A third-party library that implements itertool recipesand many helpful tools.

实现itertool 配方和许多有用工具的第三方库。

回答by loretoparisi

This is a pure Python implementation:

这是一个纯 Python 实现:

def sliding_window(arr, window=3):
    i = iter(arr)
    a = []
    for e in range(0, window): a.append(next(i))
    yield a
    for e in i:
        a = a[1:] + [e]
        yield a

An example:

一个例子:

# flatten array
flatten = lambda l: [item for sublist in l for item in sublist]
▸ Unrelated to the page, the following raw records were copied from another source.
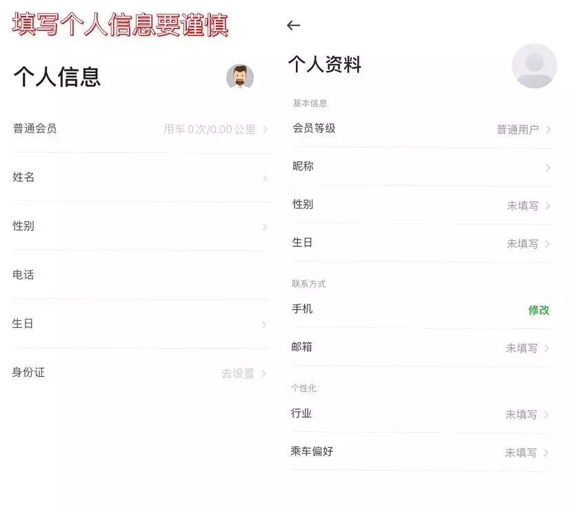 个人信息谨慎填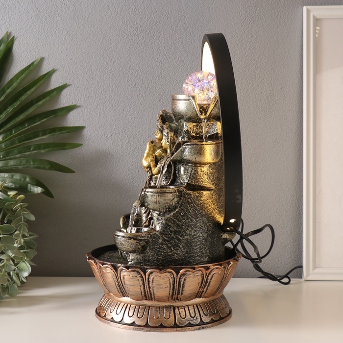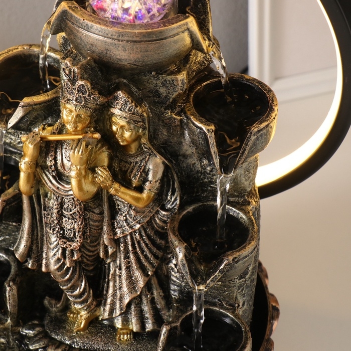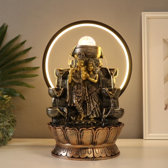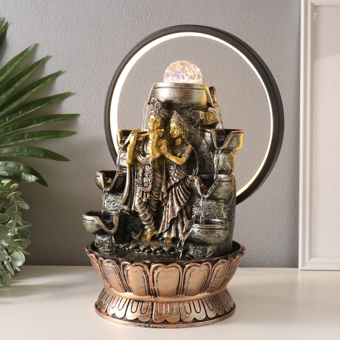 Фонтан настольный полистоун от сети, подсветка "Шива и Парвати" золото 25х20х34 см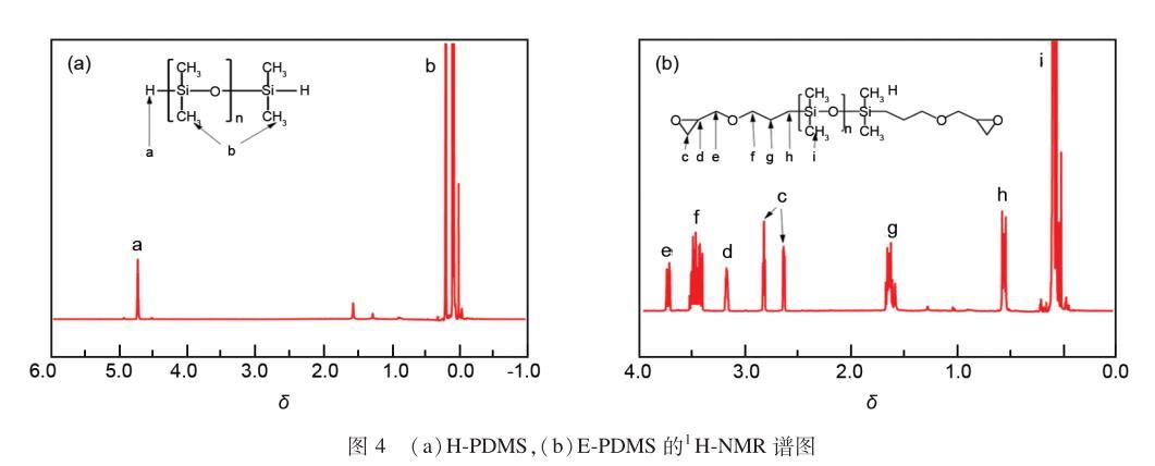 利用1H-NMR對H-PDMS和E-PDMS的形成進行結構表征,如圖4(a)所示,a處的位移(4.57)歸屬為Si-H上的氫,b處的位移(0.08)歸屬為Si-CH3上的氫,證明了H-PDMS已經合成。如圖4(b)所示,c、d處的位移(2.61~2.80、3.15)分別歸屬為環氧基團上的氫,e、f處的位移(3.70、3.36)分別歸屬為醚鍵兩端的氫,g、h處的位移(1.62、0.57)歸屬為—CH2—上的氫,i處的位移(0.08)歸屬于Si-CH3上的氫,證明了E-PDMS已經合成。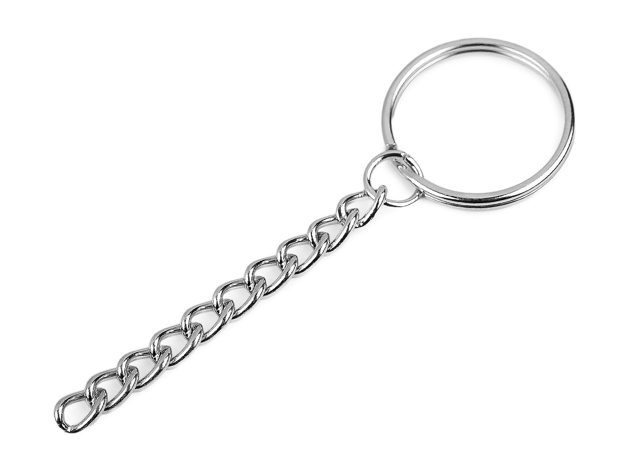 Kovový krúžok s retiazkou využijete ako kľúčenku alebo ozdobu na kabelky. Na koniec retiazky môžete pripevniť karabínku alebo nejaký zaujímavý prívesok . Priemer malého otváracieho krúžku na konci retiazky je 8 mm.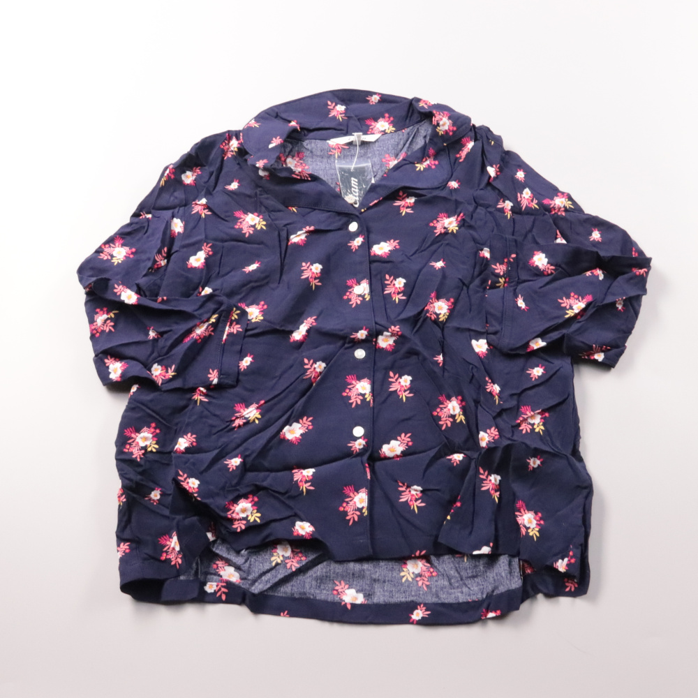 Блузка Etam тёмно-синего цвета с цветочным принтом и застёжкой на пуговицы. Подойдёт для повседневных образов и офиса в тёплую погоду, хорошо сочетается с джинсами и юбкой. Лёгкая ткань комфортна в носке и не сковывает движения.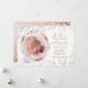 "Hola, algunos conejitos llegaron justo a tiempo para la Pascua". Foto: Tarjetas de anuncio de nacimiento del bebé con las plumas florales de color malva y rosa suave y la linda pintura de conejito.
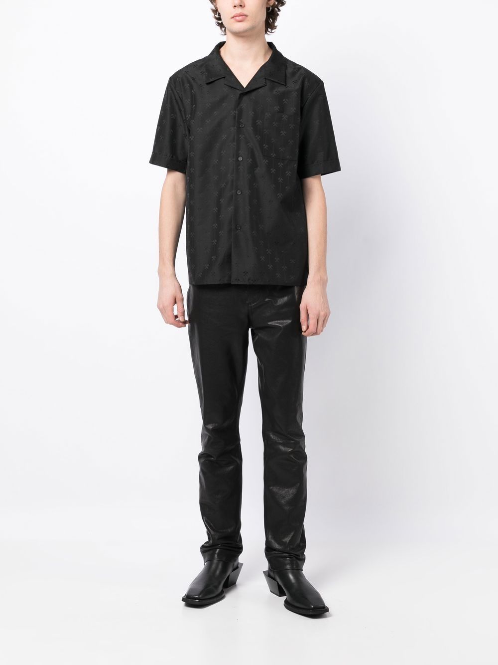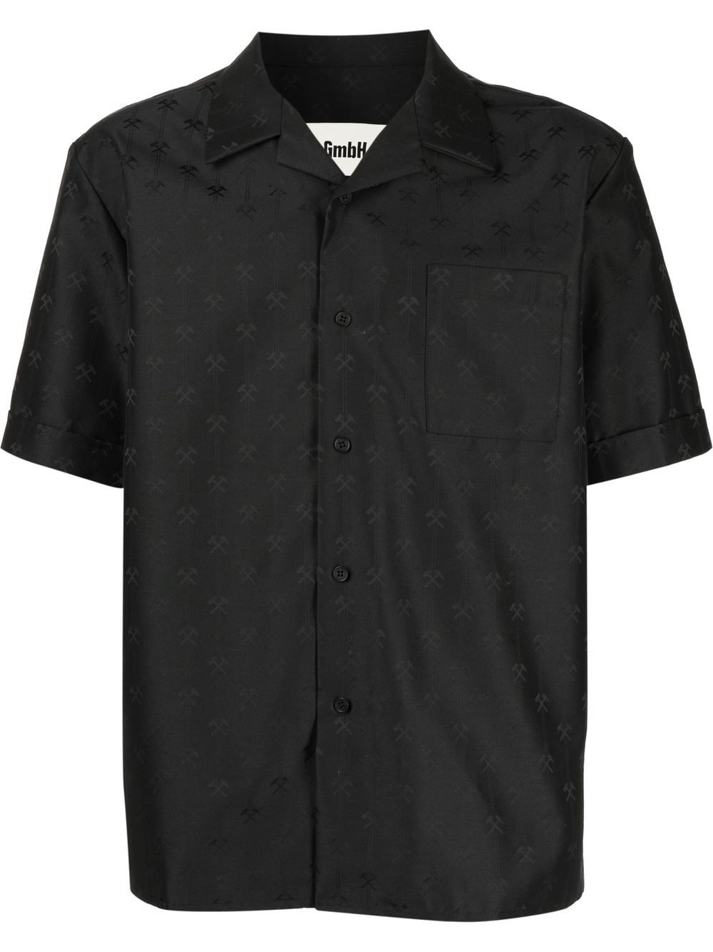 all-over logo print shirt from GmbH featuring black, wool blend, all-over logo print, front button fastening, chest patch pocket, camp collar, short sleeves and straight hem.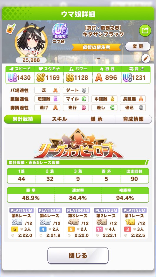 管理人さんと同じ編成だけど勝利数は白キタ、テイオー、チョコボンの順でした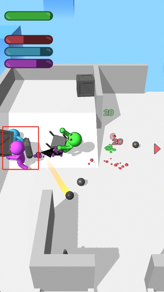 2、在雜亂的戰(zhàn)場中拾起地上的彈弓與石子,瞄準遠處的敵方陣營,同時躲避飛來的攻擊,找準時機發(fā)射石子擊中對手。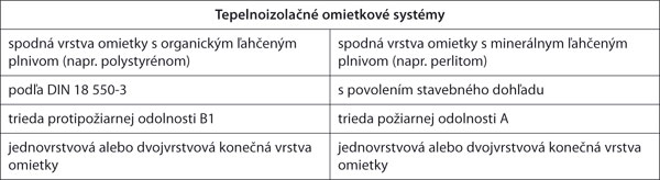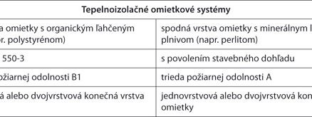 Tab. 1: Prehľad tepelnoizolačných omietkových systémov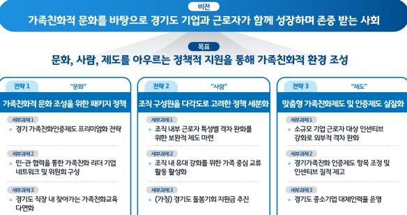 경기연구원은 제도 정착과 안정적인 운영을 위해서는 가족친화 문화를 바탕으로 하는 환경 조성이 우선이라며 9개 세부 실천과제를 제안했다. 바로 ▲경기 가족친화인증제도 프리미엄화 ▲가족친화 리더 기업 네트워크 ▲직장 내 찾아가는 가족친화교육 다면화 ▲‘리프레시 제도’ 및 ‘0.5·0.75잡 제도’ 확산 ▲조직 내 가족 중심 교류활동 활성화 ▲‘경기도 돌봄기회 지원금’ 추진 ▲소규모 기업 인센티브 강화 ▲경기 가족친화인증제도 항목 조정 및 인센티브 제고 ▲‘경기도 중소기업 대체인력풀’ 운영이다.
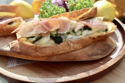 スペイン産16ヶ月熟成の生ハムのオープンサンド 具はたっぷりで regularサイズは約27㎝! smallサイズで約20cm!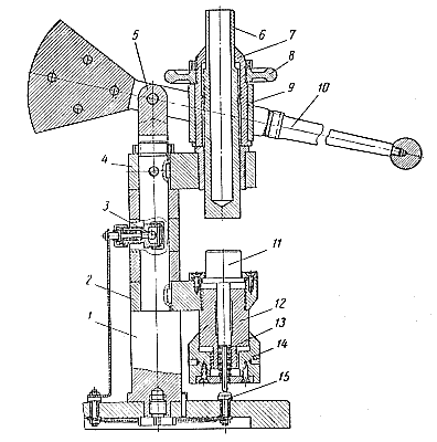 Микрометрическая головка устроена по принципу обычного микрометра. Винт 6 и гайка 7 имеют микрометрическую резьбу. По шкале лимба гайки 7 и риске винта 6 определяют расстояние между плоскостями штока винта 6 и плунжера 11 при крайнем нижнем положении микрометрической головки. Положение гайки 7 по углу поворота фиксируют при помощи маховичка 8.

a = [[0,1], [10,11], [20,21], [30,31], [40,41], [50,51]]
w = sliding_window(a, width=3)
print( list(map(flatten,w)) )

[[0, 1, 10, 11, 20, 21], [10, 11, 20, 21, 30, 31], [20, 21, 30, 31, 40, 41], [30, 31, 40, 41, 50, 51]]

Benchmark

基准

import timeit
def benchmark():
  a = [[0,1], [10,11], [20,21], [30,31], [40,41], [50,51]]
  sliding_window(a, width=3)

times = timeit.Timer(benchmark).repeat(3, number=1000)
time_taken = min(times) / 1000
print(time_taken)

1.0944640007437556e-06

回答by Yahya

Here is One line using Numpy >= v1.17

这是使用 Numpy >= v1.17 的一行

splits = np.vstack(np.split(x,np.array([[i, i+3] for i in range(x.shape[0] - x.shape[1])]).reshape(-1))).reshape(-1, 6) 

Test

测试

x = np.array([[00,1],
              [10,11],
              [20,21],
              [30,31],
              [40,41],
              [50,51]])

Result

结果

[[ 0  1 10 11 20 21]
 [10 11 20 21 30 31]
 [20 21 30 31 40 41]
 [30 31 40 41 50 51]]

Test Performance On Large Array

在大型阵列上测试性能

import numpy as np
import time

x = np.array(range(1000)).reshape(-1, 2)

all_t = 0.
for i in range(1000):
    start_ = time.time()
    np.vstack(
        numpy.split(x,np.array([[i, i+3] for i in range(x.shape[0] - x.shape[1])])
                    .reshape(-1))).reshape(-1, 6)
    all_t += time.time() - start_

print('Average Time of 1000 Iterations on Array of Shape '
      '1000 x 2 is: {} Seconds.'.format(all_t/1000.))

Performance Result

表现结果

Average Time of 1000 Iterations on Array of Shape 1000 x 2 is: 0.0016909 Seconds.